From: Sean Christopherson <seanjc@google.com>
To: James Houghton <jthoughton@google.com>
Cc: Paolo Bonzini <pbonzini@redhat.com>,
kvm@vger.kernel.org, linux-kernel@vger.kernel.org,
Oliver Upton <oliver.upton@linux.dev>,
Marc Zyngier <maz@kernel.org>, Peter Xu <peterx@redhat.com>
Subject: Re: [PATCH 19/22] KVM: x86/mmu: Add infrastructure to allow walking rmaps outside of mmu_lock
Date: Mon, 9 Sep 2024 15:02:43 -0700 [thread overview]
Message-ID: <Zt9wg6h_bPp8BKtd@google.com> (raw)
In-Reply-To: <CADrL8HW-mOAyF0Gcw7UbkvEvEfcHDxEir0AiStkqYzD5x8ZGpg@mail.gmail.com>
On Mon, Sep 09, 2024, James Houghton wrote:
> On Mon, Sep 9, 2024 at 1:02 PM Sean Christopherson <seanjc@google.com> wrote:
> >
> > On Mon, Sep 09, 2024, James Houghton wrote:
> > > On Fri, Aug 9, 2024 at 12:44 PM Sean Christopherson <seanjc@google.com> wrote:
> > > > + */
> > > > +#define KVM_RMAP_LOCKED BIT(1)
> > > > +
> > > > +static unsigned long kvm_rmap_lock(struct kvm_rmap_head *rmap_head)
> > > > +{
> > > > + unsigned long old_val, new_val;
> > > > +
> > > > + old_val = READ_ONCE(rmap_head->val);
> > > > + if (!old_val)
> > > > + return 0;
> > > > +
> > > > + do {
> > > > + /*
> > > > + * If the rmap is locked, wait for it to be unlocked before
> > > > + * trying acquire the lock, e.g. to bounce the cache line.
> > > > + */
> > > > + while (old_val & KVM_RMAP_LOCKED) {
> > > > + old_val = READ_ONCE(rmap_head->val);
> > > > + cpu_relax();
> > > > + }
> > > > +
> > > > + /*
> > > > + * Recheck for an empty rmap, it may have been purged by the
> > > > + * task that held the lock.
> > > > + */
> > > > + if (!old_val)
> > > > + return 0;
> > > > +
> > > > + new_val = old_val | KVM_RMAP_LOCKED;
> > > > + } while (!try_cmpxchg(&rmap_head->val, &old_val, new_val));
> > >
> > > I think we (technically) need an smp_rmb() here.

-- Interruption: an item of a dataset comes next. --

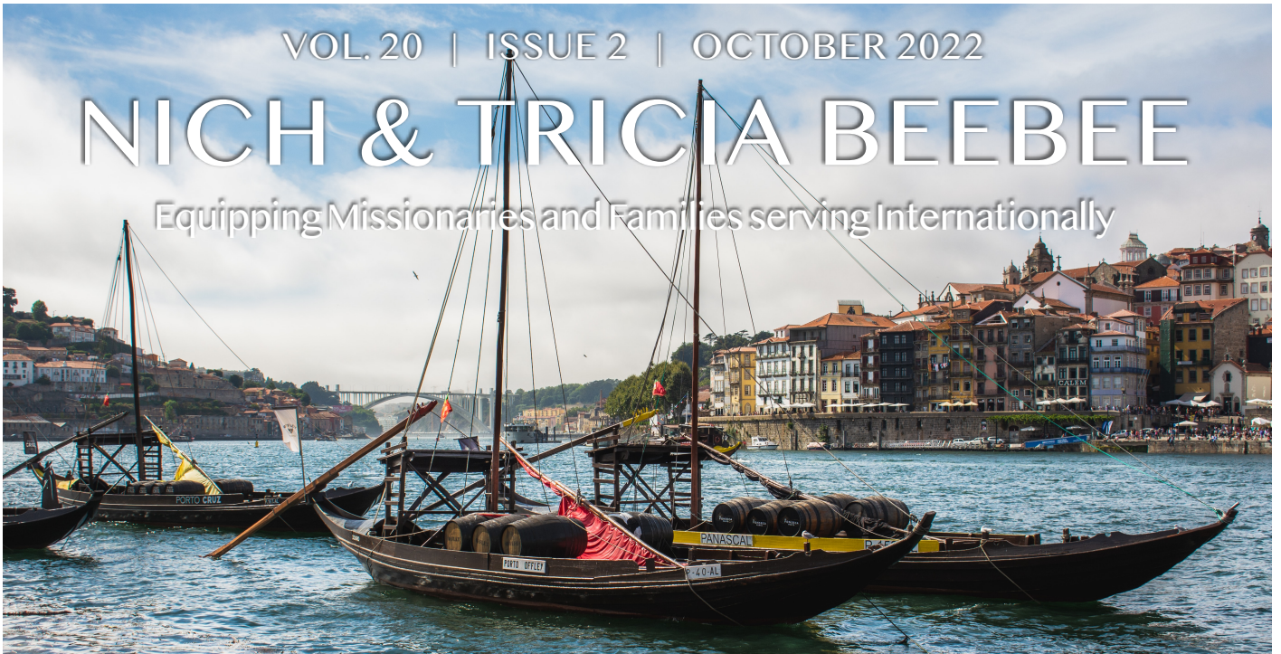
North Africa

Equipping Missionaries and Families serving Internationally

I think cmpxchg
> > > implicitly has that on x86 (and this code is x86-only), but should we
> > > nonetheless document that we need smp_rmb() (if it indeed required)?

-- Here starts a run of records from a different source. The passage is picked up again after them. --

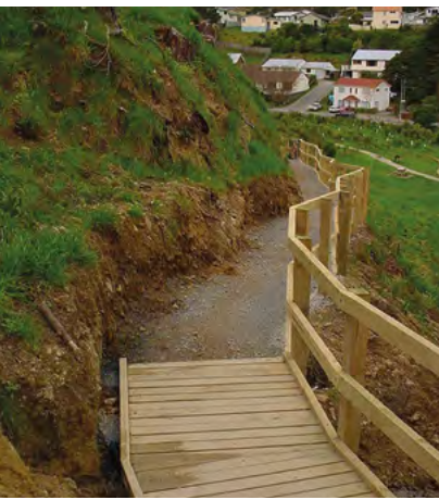
The carpark area has vastly improved since these early days with over 10 years planting and releasing.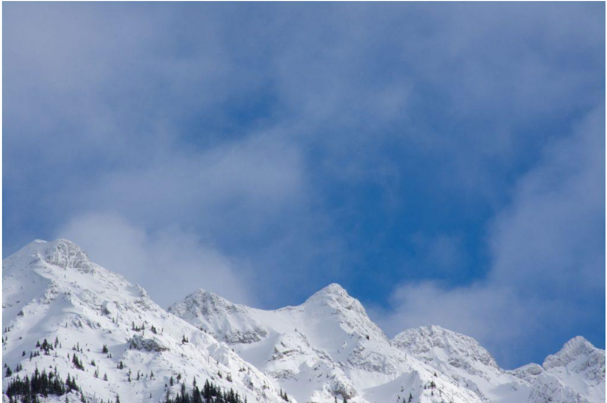
Johnston Canyon, Banff National Park 2017-01-20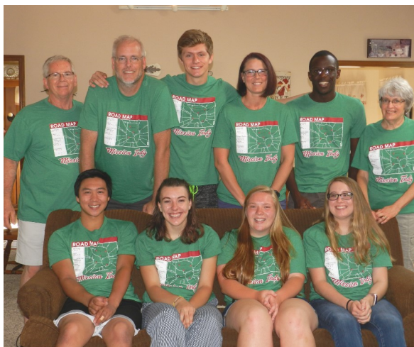
Summer Interns & Staff

> > > Perhaps we could/should condition the smp_rmb() on `if (old_val)`.
> >
> > Hmm, no, not smp_rmb(). If anything, the appropriate barrier here would be
> > smp_mb__after_spinlock(), but I'm pretty sure even that is misleading, and arguably
> > even wrong.
>
> I don't think smp_mb__after_spinlock() is right either. This seems to
> be used following the acquisition of a spinlock to promote the memory
> ordering from an acquire barrier (that is implicit with the lock
> acquisition, e.g. [1]) to a full barrier. IIUC, we have no need for a
> stronger-than-usual barrier. But I guess I'm not really sure.
>
> In this case, I'm complaining that we don't have the usual memory
> ordering restrictions that come with a spinlock.

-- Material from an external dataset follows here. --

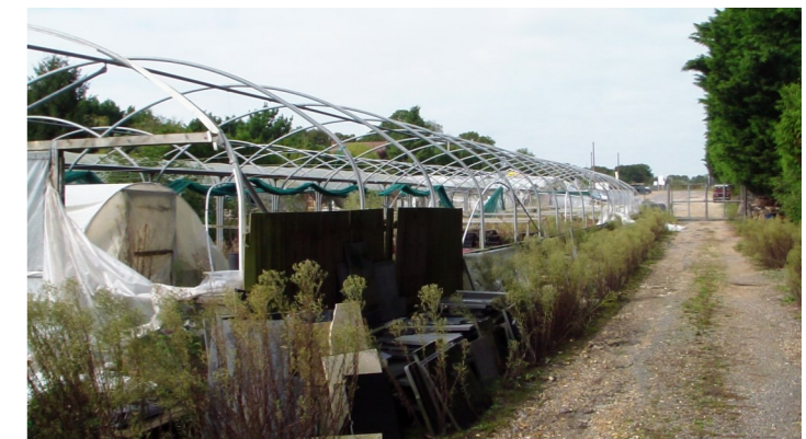
Nearly all tunnels need re covering. Financial and practical help will be required.

What makes you think that?
> > For the !old_val case, there is a address/data dependency that can't be broken by
> > the CPU without violating the x86 memory model (all future actions with relevant
> > memory loads depend on rmap_head->val being non-zero). And AIUI, in the Linux
> > kernel memory model, READ_ONCE() is responsible for ensuring that the address
> > dependency can't be morphed into a control dependency by the compiler and
> > subsequently reordered by the CPU.
> >
> > I.e. even if this were arm64, ignoring the LOCK CMPXCHG path for the moment, I
> > don't _think_ an smp_{r,w}mb() pair would be needed, as arm64's definition of
> > __READ_ONCE() promotes the operation to an acquire.
> >
> > Back to the LOCK CMPXCHG path, KVM_RMAP_LOCKED implements a rudimentary spinlock,
> > hence my smp_mb__after_spinlock() suggestion. Though _because_ it's a spinlock,
> > the rmaps are fully protected by the critical section.
>
> I feel like a spinlock must include the appropriate barriers for it to
> correctly function as a spinlock, so I'm not sure I fully understand
> what you mean here.
On TSO architectures, the atomic _is_ the barrier. E.g. atomic_try_cmpxchg_acquire()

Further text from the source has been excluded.